Мне было все равно, как он говорит и как именует страну, в которую я, скорее всего, никогда не попаду. Оправившись от растерянности, я вновь обрел трезвый взгляд на вещи. Стоило ли так стараться, чтобы продлить мучения! Спастись все равно не удастся. Мы насмерть простудимся, погибнем от голода, жажды или от акульих зубов.
— Даже если нас несет к суше, — заметил я, — ветер может перемениться. Вот если бы земля была неподалеку!..
— Мне начинало казаться, что она далеко, — откликнулся незнакомец, — но теперь, когда мы вместе, я нутром чувствую — доберемся! Все складывается на делосский лад.
Я был почти что согласен утонуть на свой собственный лад, лишь бы меня оставили в покое. Его отзывчивость вызвала у меня недоумение. Если с кем и можно поладить, то только не со мной. Уже много лет мое собственное общество вызывало у меня только досаду. Так мог ли я ожидать, что кто-то будет рад моей компании! Я пристально вгляделся в собеседника.
— Выглядите вы молодцом. А ведь уже два дня в такой переделке! Неужели не устали?
— Раньше, конечно, было полегче. Но если все повторяется множество раз, поневоле привыкаешь. Кстати, мы еще не познакомились.
Его церемонность показалась мне нелепой.

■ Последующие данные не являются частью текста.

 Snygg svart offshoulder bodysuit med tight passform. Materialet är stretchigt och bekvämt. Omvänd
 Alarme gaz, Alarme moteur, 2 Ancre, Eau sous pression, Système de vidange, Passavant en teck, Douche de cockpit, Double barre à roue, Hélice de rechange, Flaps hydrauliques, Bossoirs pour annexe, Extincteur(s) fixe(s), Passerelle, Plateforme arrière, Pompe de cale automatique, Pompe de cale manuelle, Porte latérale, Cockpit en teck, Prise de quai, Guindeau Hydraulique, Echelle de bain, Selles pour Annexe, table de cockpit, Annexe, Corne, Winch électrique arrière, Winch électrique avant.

Не говоря уж о том, что меня раздражает, когда приходится называть первое и второе имя — хоть я и прячу худшее из них под инициалом.

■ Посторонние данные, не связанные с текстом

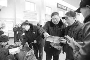 3月6日,“關(guān)愛(ài)農(nóng)民工法治宣傳周”集中宣傳活動(dòng)在周口客運(yùn)中心站門(mén)前舉行,相關(guān)單位設(shè)立咨詢(xún)服務(wù)臺(tái),發(fā)放宣傳資料,回答群眾咨詢(xún)。記者 王映 攝
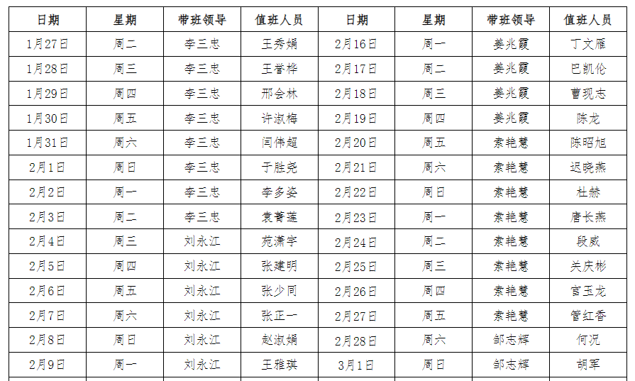 日期星期带班领导值班人员日期星期带班领导值班人员1月21日周二李三忠李四海2月7日周五姜兆霞许淑梅1月22日...

— Шендон, А. Кларенс Шендон, — буркнул я. — По крайней мере, останусь им еще денек-другой. А потом назовите меня завтраком для рыб.
— Три имени, — заметил мой спутник. — Очень романтично.
Он помолчал, ожидая, не спрошу ли я, как его зовут, но, не дождавшись вопроса, заговорил сам:
— Я тоже не обделен именами, но обычно не привожу их все вместе. Не то мне пришлось бы назваться О. Видсид Амергин Демодок. Есть еще целая уйма других, но для краткости я именую себя Боян Талиесин Голиас.
Он испытующе взглянул на меня, но я и бровью не повел.
— Не слишком проинформирован, — пробормотал мой спаситель себе под нос. Затем — уже громче — спросил: — Откуда вы родом?
— Из Чикаго.
Мне не понравился его намек на мое невежество.
— Это в Соединенных Штатах Америки, — добавил я как можно язвительней.
— Возможно, для Чикаго там самое место, — согласился он, — Чикаго — это морской порт?
Почему-то мне показалось досадно, что он никогда не слышал о моем родном городе. А может, и о стране, где я живу.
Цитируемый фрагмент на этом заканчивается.